# pypdf 如何解析 PDF 文件

pypdf 使用 {class}`~pypdf.PdfReader` 来解析 PDF 文件。方法 {py:meth}`PdfReader.read <pypdf.PdfReader.read>` 展示了解析的基本结构：

1. **查找并读取交叉引用表 (xref) 和尾部 (trailer)**：  
   交叉引用表 (xref table) 是一个包含字节偏移量的表，用于指示文件中对象的位置。尾部 (trailer) 提供了附加信息，例如根对象 (Catalog) 和包含元数据的 Info 对象。

2. **解析对象**：  
   在定位到 xref 表和尾部之后，pypdf 继续解析 PDF 中的对象。PDF 中的对象可以是多种类型，例如字典 (dictionaries)、数组 (arrays)、流 (streams) 和简单数据类型（如整数、字符串）。pypdf 解析这些对象并将其存储在 {py:meth}`PdfReader.resolved_objects <pypdf.PdfReader.resolved_objects>` 中，并通过 {py:meth}`cache_indirect_object <pypdf.PdfReader.cache_indirect_object>` 进行填充。

3. **解码内容流**：  
   PDF 的内容通常存储在**内容流**中，这些流是 PDF 操作符和操作数的序列。pypdf 通过应用流字典中指定的过滤器（例如 `FlateDecode`、`LZWDecode`）来解码这些内容流。

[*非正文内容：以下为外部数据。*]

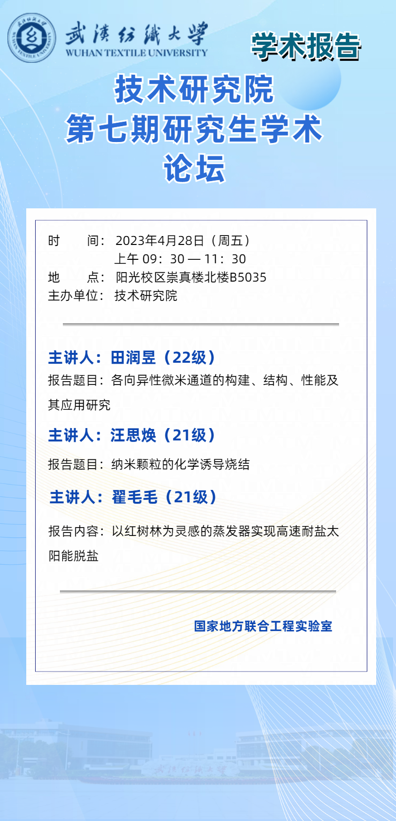 学术预告:第282期研究生学术论坛暨技术研究院2023年第7期研究生学术论坛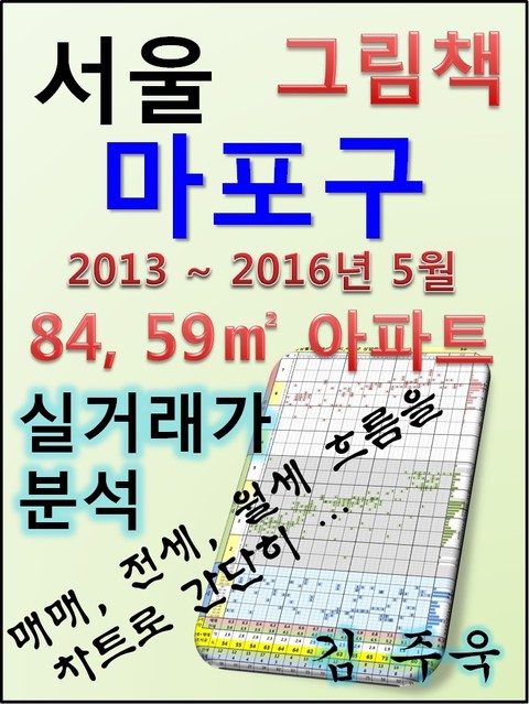 안녕하세요. 김주욱 입니다. 이 책은 그림책입니다. 아파트 가격에 대하여 누구나 쉽게 이해할 수 있도록, 그림으로 나타냈습니다. 복잡한 문장이 아닌 해당 아파트에 대한 가격 흐름을 그림으로 나타내어 누구나 쉽게 살펴 볼 수있고, 본인이 직접 판단할 수 있도록 만들었습니다. 해당 아파트에 대한 분석 의견은 수록하지 않았습니다. 타인의 재산에 대하여 평가를 한다는 것 자체가 큰 부담이 되어, 투자의견은 없다는 점 양해 바랍니다. 하지만, 이 책의 차트를 계속 보게되면, 어디를 공략해야 할지 쉽게 알 수 있을 것입니다. 아파트는 주거의 대상일 뿐 아니라 투자의 대상이기도 합니다. 여러분이 관심 있는 아파트의 가격 흐름을 살펴 보시고, 어떤 방향으로 접근해야할지 한번 생각해 보시기 바랍니다. 흔히 가격은 모든 것이 집결 된 종합 예술이라고 합니다. 요즘 아파트의 선정기준은 입지, 교육, 교통, 문화, 쇼핑 등 모든 것이 반영 되어 있습니다. 단 한권의 책으로 그 모든 것을 기술하기에는 내용이 너무 많고, 사실 그렇게 해봤자 정리가 잘되지 않습니다. 이에, 가격의 흐름을 통해서 어떤 방향으로 움직이는지, 앞으로 어떤 방향으로 전개될 것인지 생각해 보시기 바랍니다. 어려운 용어와 긴 문장으로 현상을 자세히 설명하는 것도 좋지만, 저는 단지 가격 흐름을 시각적으로 보여드리겠습니다. 아주 간단한 차트 한 장으로 특정 아파트의 분위기를 느껴 보시기 바랍니다. 이 한권의 책으로 많은 정보를 얻으시고, 각 구별로 계속 출간을 할 예정으로 관심있게 지켜봐 주시기 바랍니다. 1. 마포래미안푸르지오1단지_마포구 아현동 2. 래미안마포리버웰_마포구 용강동 3. 래미안밤섬리베뉴 Ⅰ_마포구 상수동 4. 카이저펠리스_마포구 상암동 5. 마포래미안푸르지오4단지_마포구 아현동 6. 마포래미안푸르지오2단지_마포구 아현동 7. 한강밤섬자이_마포구 하중동 8. 래미안밤섬리베뉴 Ⅱ_마포구 상수동 9. 마포자이2차_마포구 대흥동 10. 마포자이_마포구 염리동 11. 마포래미안푸르지오3단지_마포구 아현동 12. 브라운스톤공덕_마포구 신공덕동 13. 휴먼시아1단지_마포구 상암동 14. 상암월드컵파크4단지_마포구 상암동 15. 래미안공덕5차_마포구 공덕동 16. 공덕3삼성래미안_마포구 공덕동 17. 펜트라우스_마포구 신공덕동 18. 신공덕아이파크_마포구 신공덕동 19. 대림2차_마포구 용강동 20. 상암월드컵파크5단지_마포구 상암동 21. 상암월드컵파크6단지_마포구 상암동 22. 강변힐스테이트_마포구 현석동 23. 마포용강삼성래미안_마포구 용강동 24. 밤섬힐스테이트_마포구 현석동 25. 서강예가_마포구 창전동 26. 상암월드컵파크7단지_마포구 상암동 27. 두산위브_마포구 상수동 28. 상암월드컵파크3단지_마포구 상암동 29. 삼성_마포구 도화동 30. 공덕1삼성래미안_마포구 공덕동 31. 신공덕1차삼성래미안1아파트_마포구 신공덕동 32. 공덕2삼성래미안_마포구 공덕동 33. 신촌태영데시앙_마포구 창전동 34. 상암월드컵파크9단지_마포구 상암동 35. 상암월드컵파크10단지_마포구 상암동 36. 한화오벨리스크_마포구 도화동 37. 한강삼성_마포구 토정동 38. 밤섬경남아너스빌_마포구 신수동 39. 신공덕래미안3차_마포구 신공덕동 40. 창전동현대홈타운_마포구 창전동 41. 신공덕e편한세상_마포구 신공덕동 42. 동양엔파트_마포구 대흥동 43. 상암월드컵파크12단지_마포구 상암동 44. 한화꿈에그린_마포구 공덕동 45. 마포태영_마포구 대흥동 46. 울트라월드컵(참누리)_마포구 중동 47. 대원칸타빌_마포구 신수동 48. 서강GS_마포구 신정동 49. 래미안공덕4차_마포구 공덕동 50. 마포아크로타워_마포구 도화동 51. 염리삼성래미안_마포구 염리동 52. 경남아너스빌_마포구 신수동 53. 마포트라팰리스_마포구 도화동 54. 코오롱_마포구 연남동 55. 대림2_마포구 망원동 56. 벽산솔렌스힐_마포구 신수동 57. 세양청마루(101동)_마포구 염리동 58. 상암월드컵파크11단지_마포구 상암동 59. 현대_마포구 도화동 60. 한강2차대주피오레_마포구 망원동 61. 삼환나띠르빌_마포구 아현동 62. 창전래미안_마포구 창전동 63. 신공덕래미안2차_마포구 신공덕동 64. 신촌삼익_마포구 신수동 65. 월드컵아이파크(667-0)_마포구 성산동 66. 휴먼빌_마포구 망원동 67. 서강오벨리스크스위트_마포구 창전동 68. 해모로_마포구 창전동 69. 대림1_마포구 망원동 70. 창전 쌍용스윗닷홈_마포구 창전동 71. 상암월드컵파크2단지_마포구 상암동 72. 성산월드타운대림_마포구 성산동 73. 쌍용_마포구 마포동 74. 신촌금호_마포구 창전동 75. 망원동동원데쟈뷰_마포구 망원동 76. 성산2차e-편한세상_마포구 성산동 77. 도화현대_마포구 도화동 78. 대명_마포구 연남동 79. 대흥동세양_마포구 대흥동 80. 마포현대_마포구 공덕동 81. 마포동원베네스트_마포구 도화동 82. 신수동성원_마포구 신수동 83. 우림루미아트_마포구 망원동 84. 현대_마포구 신수동 85. 성산시영(유원)_마포구 성산동 86. 탑건진선미_마포구 망원동 87. 마포중동현대_마포구 중동 88. 청구_마포구 중동 89. 서서울삼성_마포구 아현동 90. 함성월드빌_마포구 망원동 91. 휴먼시아2단지_마포구 상암동 92. 공덕현대_마포구 공덕동 93. 두영이지안_마포구 망원동 94.

仅当对象通过 {py:meth}`PdfReader.get_object <pypdf.PdfReader.get_object>` 请求时，才会进行此解码，该方法使用 `PdfReader._get_object_from_stream` 方法。

---

## 参考资料

[PDF 1.7 规范](https://opensource.adobe.com/dc-acrobat-sdk-docs/pdfstandards/PDF32000_2008.pdf)：  
* 7.5 文件结构  
* 7.5.4 交叉引用表  
* 7.8 内容流和资源